Ethnic group and caste found in India and Nepal

The Kewat, also spelled Kevat, is an ethnic group and Hindu caste, found in the states of Assam, Bihar, Tripura, Uttar Pradesh and West Bengal in India. They are the traditional boatmen of northern India, and also in neighbouring country Nepal. They natively speak the Kewat language, an Eastern Indo-Aryan language. But the language is now declining as they have begun to speak the languages commonly used in the regions where they live.

== Origin ==
The name "Kevata" first appeared in the Pillar Edict V of Emperor Ashoka.

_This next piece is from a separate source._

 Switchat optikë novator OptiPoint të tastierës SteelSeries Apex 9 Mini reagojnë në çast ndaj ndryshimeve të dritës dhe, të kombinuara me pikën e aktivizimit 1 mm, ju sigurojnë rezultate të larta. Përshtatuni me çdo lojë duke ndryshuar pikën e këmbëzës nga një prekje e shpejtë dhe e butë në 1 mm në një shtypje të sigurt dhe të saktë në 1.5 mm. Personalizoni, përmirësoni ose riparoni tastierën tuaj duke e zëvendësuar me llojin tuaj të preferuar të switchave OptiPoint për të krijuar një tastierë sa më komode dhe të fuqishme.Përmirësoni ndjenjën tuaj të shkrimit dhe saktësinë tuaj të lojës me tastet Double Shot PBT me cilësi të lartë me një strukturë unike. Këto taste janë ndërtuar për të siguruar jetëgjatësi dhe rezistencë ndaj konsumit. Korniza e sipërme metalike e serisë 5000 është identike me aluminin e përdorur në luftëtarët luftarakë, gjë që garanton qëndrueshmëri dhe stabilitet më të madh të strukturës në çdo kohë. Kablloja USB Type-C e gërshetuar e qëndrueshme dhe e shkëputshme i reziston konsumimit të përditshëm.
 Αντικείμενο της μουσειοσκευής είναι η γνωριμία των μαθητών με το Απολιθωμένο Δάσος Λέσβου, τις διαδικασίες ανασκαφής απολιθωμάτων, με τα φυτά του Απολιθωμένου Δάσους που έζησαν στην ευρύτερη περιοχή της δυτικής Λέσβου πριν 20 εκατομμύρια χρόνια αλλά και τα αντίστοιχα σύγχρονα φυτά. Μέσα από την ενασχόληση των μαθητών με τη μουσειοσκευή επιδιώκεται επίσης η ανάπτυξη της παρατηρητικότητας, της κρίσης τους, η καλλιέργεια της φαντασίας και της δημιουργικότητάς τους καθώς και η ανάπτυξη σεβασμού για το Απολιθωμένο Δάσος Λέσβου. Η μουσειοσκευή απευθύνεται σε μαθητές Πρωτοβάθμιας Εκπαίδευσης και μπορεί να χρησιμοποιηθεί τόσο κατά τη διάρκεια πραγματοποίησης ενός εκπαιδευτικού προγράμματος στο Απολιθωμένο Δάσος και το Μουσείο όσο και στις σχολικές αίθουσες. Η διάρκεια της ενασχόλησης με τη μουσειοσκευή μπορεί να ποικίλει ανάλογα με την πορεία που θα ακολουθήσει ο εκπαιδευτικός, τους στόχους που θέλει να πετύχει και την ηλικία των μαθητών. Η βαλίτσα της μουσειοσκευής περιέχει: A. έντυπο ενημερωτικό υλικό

==In India: Present circumstances==
The Kewat are among the 17 OBC communities of Uttar Pradesh that have been proposed for Scheduled Caste status by the Samajwadi Party-controlled Government. However, this proposal, which relates to votebank politics and has been made in the past, has been stayed by the courts; a prior attempt was also rejected by the Government of India.

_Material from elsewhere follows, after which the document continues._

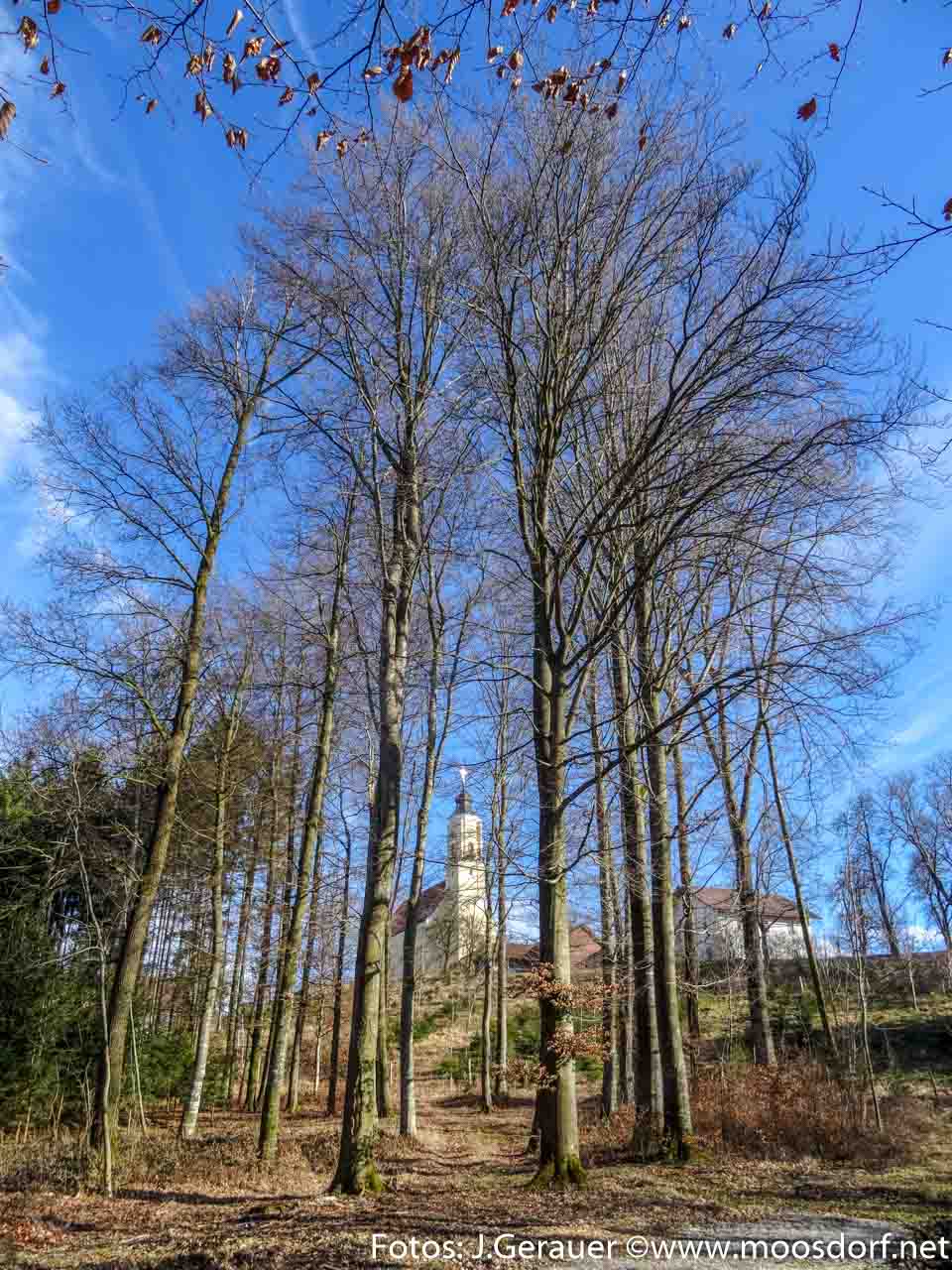 Für manche mag die Kirche hinter dem Wald sein, für andere strahlt das Kreuz am Turm weit ins Land und Leben begleitend hell in ihren Alltag. Sicher eint die Betenden drinnen und die Feiertags-Gestimmten draußen der österliche Wunsch „Friede sei mit Euch!“

Kewats are recognised as Scheduled Caste in the states of Assam, West Bengal and Tripura as Keot, Keyot or Jalkeot.

With a population of 937,861, Kewats constitute 0.7174% of Bihar's population in the 2023 caste census.

==In Nepal==
Some Kewats in Nepal speak the Kewat language alongside Nepali. Most Kewat speakers are found in Nepal, since many Kewats in India or Bangladesh usually speak the dominant regional languages of the areas they live in.
The Central Bureau of Statistics of Nepal classifies the Kewat as a subgroup within the broader social group of Madheshi Other Caste. At the time of the 2011 Nepal census, 153,772 people (0.6% of the population of Nepal) were Kewat. The frequency of Kewat by province was as follows:
- Madhesh Province (1.4%)
- Lumbini Province (1.0%)
- Koshi Province (0.6%)
- Bagmati Province (0.0%)
- Gandaki Province (0.0%)
- Sudurpashchim Province (0.0%)
- Karnali Province (0.0%)

The frequency of Kewat was higher than national average (0.6%) in the following districts:
- Dhanusha (6.1%)
- Parasi (3.5%)
- Morang (2.7%)
- Rupandehi (2.5%)
- Siraha (2.2%)
- Kapilvastu (2.1%)
- Mahottari (1.1%)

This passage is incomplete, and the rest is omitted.